Found 20000 files belonging to 2 classes.
Found 5000 files belonging to 2 classes.
Found 25000 files belonging to 2 classes.


**Vectorizing the data**

In [10]:
from tensorflow.keras import layers

max_length = 600
max_tokens = 20000
text_vectorization = layers.TextVectorization(
    max_tokens=max_tokens,
    output_mode="int",
    output_sequence_length=max_length,
)
text_vectorization.adapt(text_only_train_ds)

int_train_ds = train_ds.map(
    lambda x, y: (text_vectorization(x), y),
    num_parallel_calls=4)
int_val_ds = val_ds.map(
    lambda x, y: (text_vectorization(x), y),
    num_parallel_calls=4)
int_test_ds = test_ds.map(
    lambda x, y: (text_vectorization(x), y),
    num_parallel_calls=4)

**Transformer encoder implemented as a subclassed `Layer`**

- **BatchNormalization** doesn’t work well for sequence data.
- Using the **LayerNormalization** layer, which normalizes each sequence independently from other sequences in the batch.

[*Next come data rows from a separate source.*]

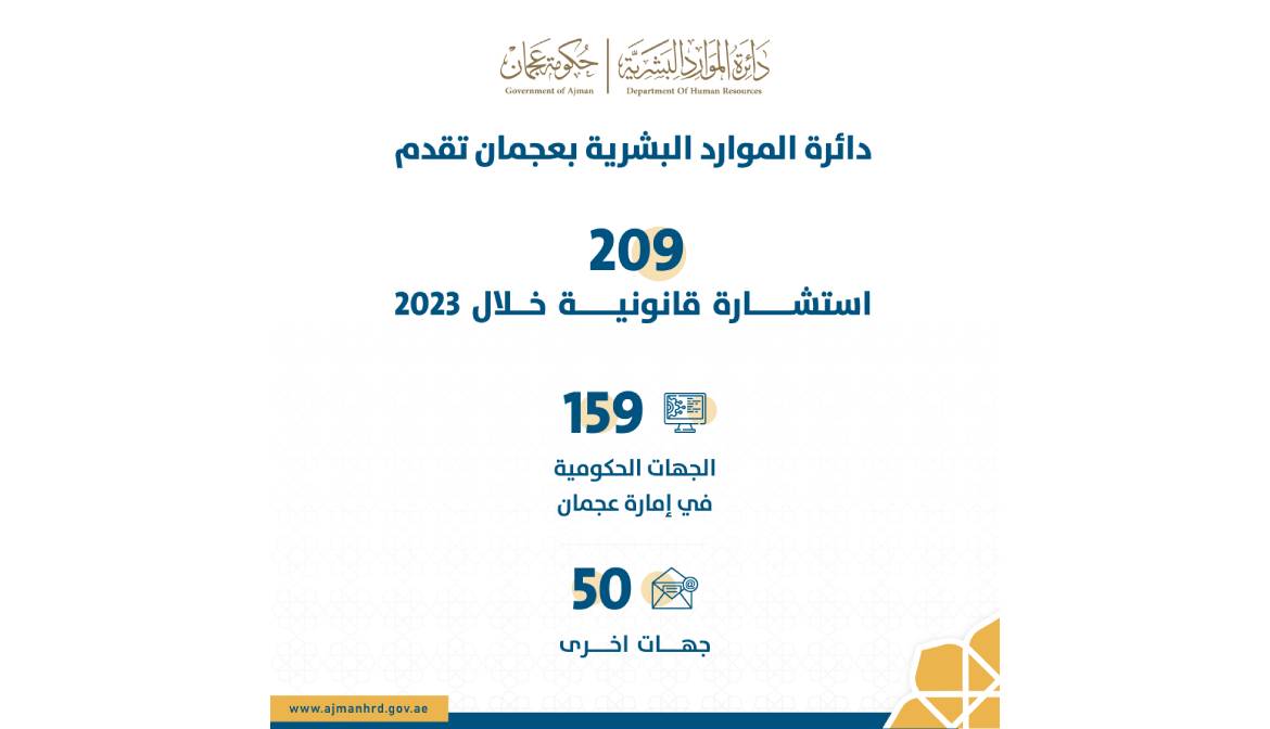عجمان : 19-2-2024 استقبلت دائرة الموارد البشرية في حكومة عجمان 209 استفساراً قانونياً خلال عام 2023م حول سياسات وتشريعات وقوانين الموارد البشرية المطبقة في حكومة عجمان، وذلك عبر القنوات المخصصة للرد على الاستفسارات في الدائرة.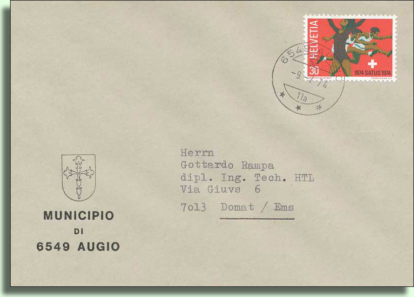 Augio war eine selbstständige politische Gemeinde. 1982 fusionierte Augio mit der ehemaligen Gemeinde Santa Domenica zur Gemeinde Rossa.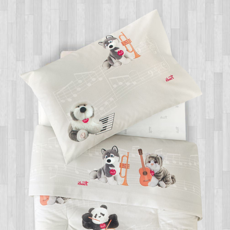 Completo Lenzuolo Lettino Orchestra – Dolcissimi animaletti per il completo lenzuolo della Collezione Trudi Home di Somma1867 stampato su tela di puro cotone. Disponibile nella varinate grigio naturale , è composto da lenzuolo motivo piazzato 120×180, federa piazzata double-face cm 40×60 e sottolenzuolo con angoli cm 60×130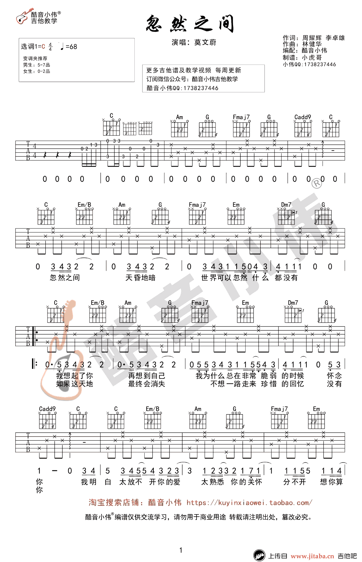 曲谱介绍: 莫文蔚《忽然之间》C调简单版,男生5-7品,女生0-2品,忽然之间吉他六线谱,图片谱高清版。吉他的伴奏琴音,勾起对于往事的深深的回忆,莫文蔚的歌声细腻真挚。唱出在天昏地暗中对情感的珍惜与怀念。总是在忽然之间想起你,想起你笑的样子,想起你弹唱吉他的时候…… 感谢酷音小伟出品,91吉他谱也为大家准备了G调弹唱谱和吉他教学视频,琴友们可以选择练习。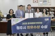전국연합뉴스 이동수 기자 | 청주시는 문화체육관광부 허가 사단법인 한국문화가치연구협회가 주관한 ‘2025년 한국문화가치대상’에서 최우수상을 수상했다고 16일 밝혔다. 올해 6회째를 맞는 한국문화가치대상은 전국 지방자치단체와 지역 문화재단을 대상으로 특색있는 문화·예술 정책과 사업 등을 평가해 지역민의 문화 향유 기회를 확대하고 대한민국의 문화가치 경쟁력을 향상한 단체에 주어지는 상이다. 이번 평가에서 청주시는 △문화·예술로 채워지는 원도심 활성화 사업(원도심 문화예술공간지원사업, 원도심 골목길 축제, 청소년 주말 버스킹 등) △동부창고 운영사업(동부창고 페스타, 주말 예술 교육, 생활문화 프로그램 운영 등) △청주 문화도시 조성사업(동네 기록관 운영, 시민 아카이브, 메이드인 청주 등) 등 다양한 문화정책을 추진해 시민들의 문화 향유 기회를 확대했다는 평가를 받았다. 이범석 청주시장은 “시민들과 소상공인, 예술인들이 함께 참여하고 주도해 나가며 지역 특색을 살린 다양한 문화 콘텐츠를 발굴하기 위해 노력하고 있다”며 “앞으로도 문화를 통해 시민들의 삶의 질을 높일 수 있도록 노력하겠다”고 말했다.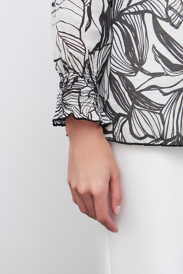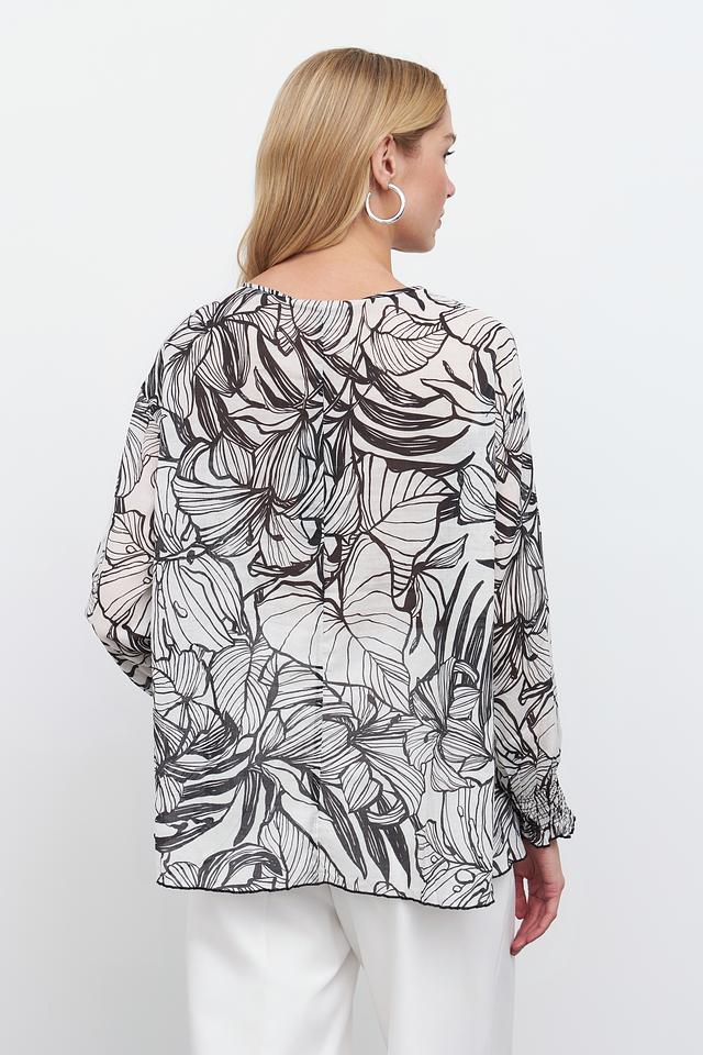 Блуза Pezzo чёрно-белого цвета с оригинальным принтом в виде листьев станет стильным дополнением к вашему гардеробу. Модель выполнена из 100% хлопка, что обеспечивает комфорт в носке. Состав: хлопок 100%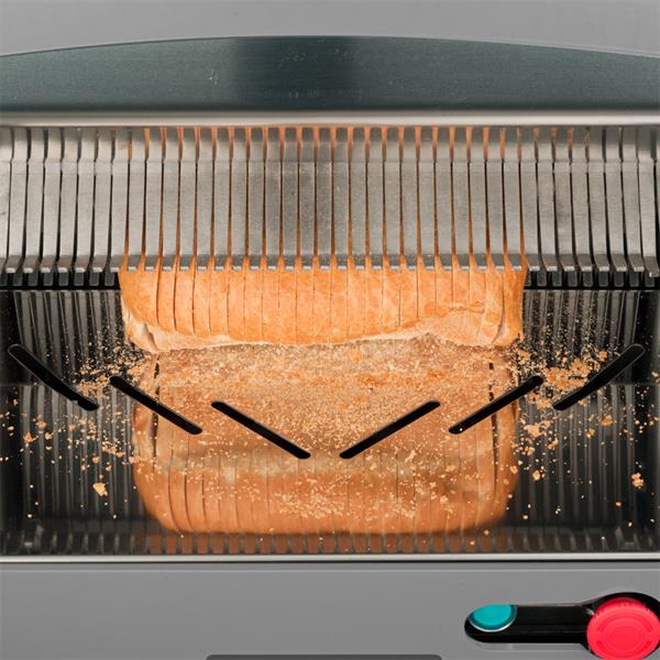 - Встроенная запатентованная система Intelligent Slicing Concept (концепция интеллектуальной нарезки) позволяет отрегулировать скорость нарезки в соответствии с видом хлебобулочного изделия и одинаково хорошо нарезать воздушный, хрустящий или плотный хлеб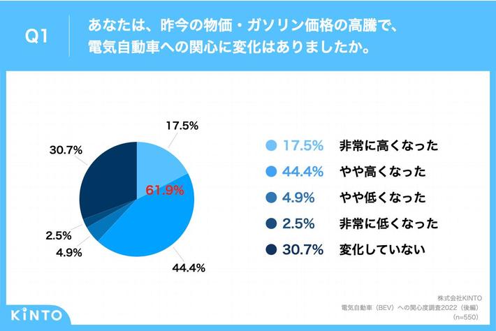 物価・ガソリン価格の高騰で、環境問題意識の高いドライバーの6割以上が電気自動車(BEV)への関心の高まりを実感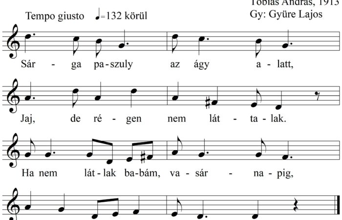 1. Sárga paszuly az ágy alatt,Jaj, de régen nem láttalak.Ha nem látlak babám, vasárnapig,Maghasad a szívem addig.2. Fecském, fecském, édes...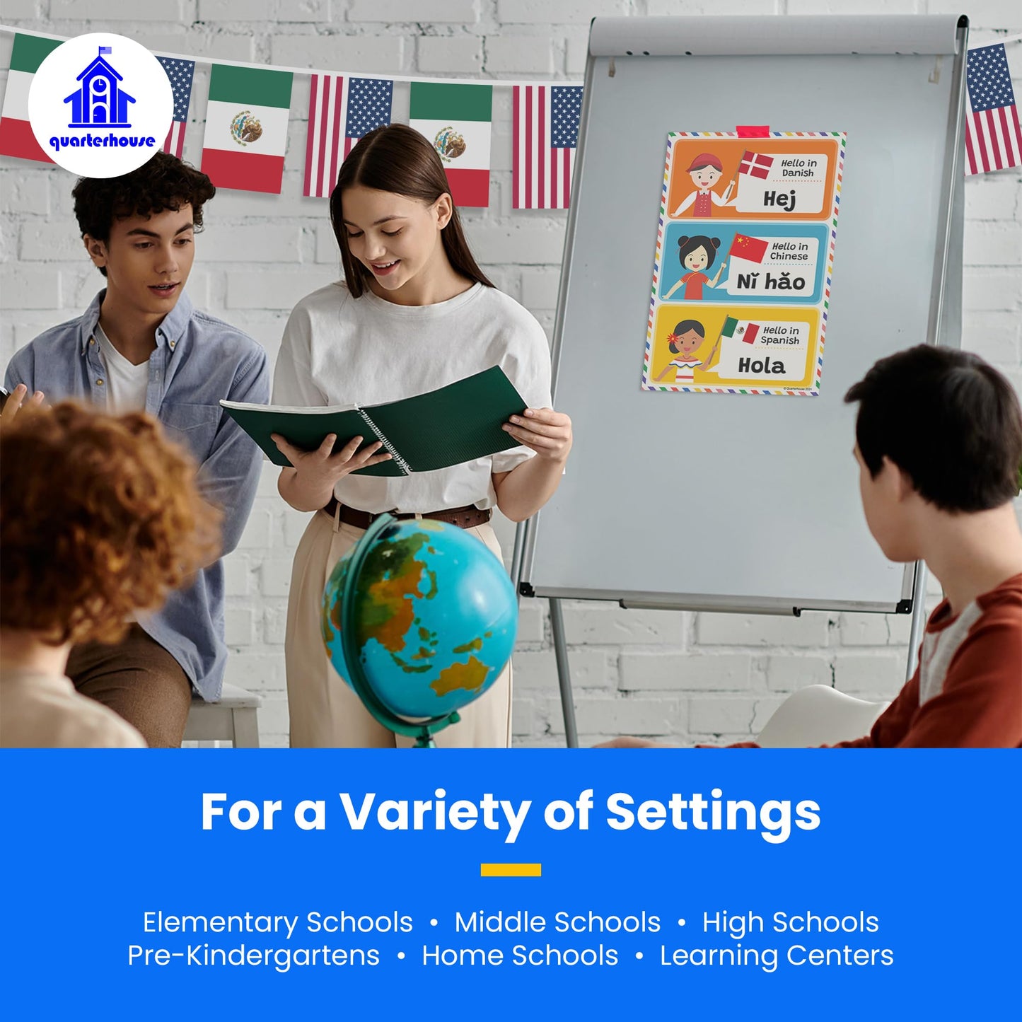 — Multi-Country Representation: This international flag bunting includes flags from around the world, representing a diverse range of countries, cultures, and nationalities. Perfect for promoting global awareness and cultural appreciation in the classroom.

While ***BatchNormalization collects information from many samples*** to obtain accurate statistics for the feature means and variances, ***LayerNormalization pools data within each sequence separately***, which is more appropriate for sequence data.

In [5]:
import tensorflow as tf
from tensorflow import keras
from tensorflow.keras import layers

class TransformerEncoder(layers.Layer):
    # initialize variables
    def __init__(self, embed_dim, dense_dim, num_heads, **kwargs):
        super().__init__(**kwargs)
        # size of the input token vector - embedding token vector representation
        self.embed_dim = embed_dim
        # size of the inner dense layer - use for dense projection
        self.dense_dim = dense_dim
        # number of attention heads
        self.num_heads = num_heads

        # initialize multi-head attention
        self.attention = layers.MultiHeadAttention(
            num_heads=num_heads, key_dim=embed_dim)
        # dense projection - independently learned linear projections
        self.dense_proj = keras.Sequential(
            [layers.Dense(dense_dim, activation="relu"),
             layers.Dense(embed_dim),]
        )

        # layer normalization - help gradients flow better during backpropagation
        # normalizes each sequence independently from other sequences in the batch
        self.layernorm_1 = layers.LayerNormalization()
        self.layernorm_2 = layers.LayerNormalization()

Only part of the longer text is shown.